Kotlin DataFrame interoperability

Jolan Rensen edited this page Mar 8, 2024 · 7 revisions

Since Kotlin DataFrame is becoming the most popular in-memory data exploration tool for Kotlin, it might be beneficial to interop between the two table formats.
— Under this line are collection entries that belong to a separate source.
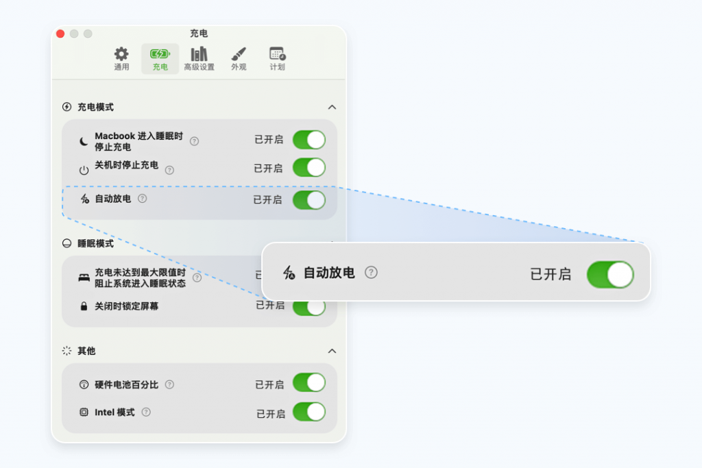 软件内置自动、手动与合盖放电(clamshell)模式,可根据使用场景选择合适策略。即使外接电源时,系统也能优先使用电池供电或在需要时让电池放电,以把电量控制在更健康的范围内。
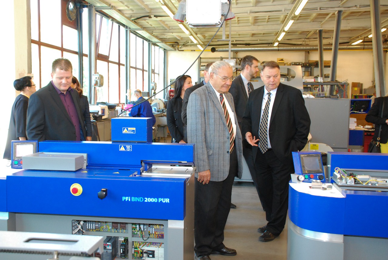 A vendégek ez alkalommal a gyártási folyamatokba is betekinthettek, munka közben megismerve a nagy teljesítményű CNC és lézervágó gépeket. Kiemelt figyelem övezte a könyvkötőgép termékcsalád gyártási és fejlesztési folyamatait, amelyek igazi sikerterméket jelentenek az egyben a fennállásának 25. évfordulóját is ünneplő RIGO Kft. számára.
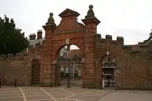 The original square house was not altered much in the 17th century other than a small extension to the north-west in 1636.[5] In 1640 Rainton was imprisoned for refusing to help Charles I raise a loan. He died in 1646 aged 77 and was buried at St Andrew's Church in Enfield.[1] The hall then passed to his great-nephew, also Nicholas. He was able to extend the estate northwards by buying and demolishing the neighbouring Elsyng Palace in 1656. In 1696 the hall passed to John Wolstenholme (probably a descendant of the financier and merchant of the same name and member of the Virginia Company), who carried out major refurbishment possibly following a fire, including construction of an extension to the south-west, and planted the avenue. In 1740 the house passed to Eliab Breton, who remodelled the ground floor. Later owners included Edmund Armstrong (1787) and James Meyer (1799), whose family built the nearby Jesus Church in 1835. In 1894 the hall was bought by Henry Carrington Bowles[5] of the neighbouring Myddelton House for his son Major Henry Ferryman Bowles (1858–1943), MP for Enfield and later 1st Baronet Bowles.[6] In 1897 there were further changes including enlargement of the south-west wing. In 1951 the Bowles family sold it to the Municipal Borough of Enfield, the predecessor of the London Borough of Enfield. It has since been used as a museum.
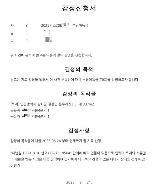 [부당이득금 청구의 소]감정 신청을 통한 감정평가 과정 (1) 2025.11.24 [부당이득금 청구의 소]감정 신청을 통한 감정평가 과정 (0) 2025.11.24 [2024-10610-001]이송 신청 사건 결과(Feat. 부당이득금 관할 법원) (0) 2025.11.01 [2024-10610-001]전자소송 보정명령 주소보정서 제출하기 (0) 2025.08.20 집행에 관한 이의 신청 특별 항고 결과 (1) 2025.07.24

There are plans in place for a separate interop library/module, but unless https://github.com/Kotlin/kotlin-spark-api/issues/195 is resolved, this would have to be 20+ libraries again... In the meantime, I'll thus provide the interop using some small snippets of code you can use in your own library:

Kotlin Dataframe to Spark Dataset/DataFrame

If you want to convert from Kotlin DataFrame to Spark DataSets, that's actually quite simple:

import org.jetbrains.kotlinx.dataframe.*
import org.jetbrains.kotlinx.dataframe.annotations.DataSchema
import org.jetbrains.kotlinx.dataframe.api.*
import org.jetbrains.kotlinx.spark.api.*

@DataSchema
data class Name(
    val firstName: String,
    val lastName: String,
)

@DataSchema
data class Person(
    val name: Name,
    val age: Int,
    val city: String?,
    val weight: Int?,
    val isHappy: Boolean,
)

// Kotlin DataFrame
val df: DataFrame<Person> = listOf(
    Person(Name("Alice", "Cooper"), 15, "London", 54, true),
    Person(Name("Bob", "Dylan"), 45, "Dubai", 87, true),
    Person(Name("Charlie", "Daniels"), 20, "Moscow", null, false),
    Person(Name("Charlie", "Chaplin"), 40, "Milan", null, true),
    Person(Name("Bob", "Marley"), 30, "Tokyo", 68, true),
    Person(Name("Alice", "Wolf"), 20, null, 55, false),
    Person(Name("Charlie", "Byrd"), 30, "Moscow", 90, true),
).toDataFrame()

withSpark {
    // Spark Dataset
    val sparkDs: DataSet<Person> = df.toList().toDS()
}

Note that df.toList()/df.toListOf<>() only works if the return type is a data class, which is also what's needed for Spark.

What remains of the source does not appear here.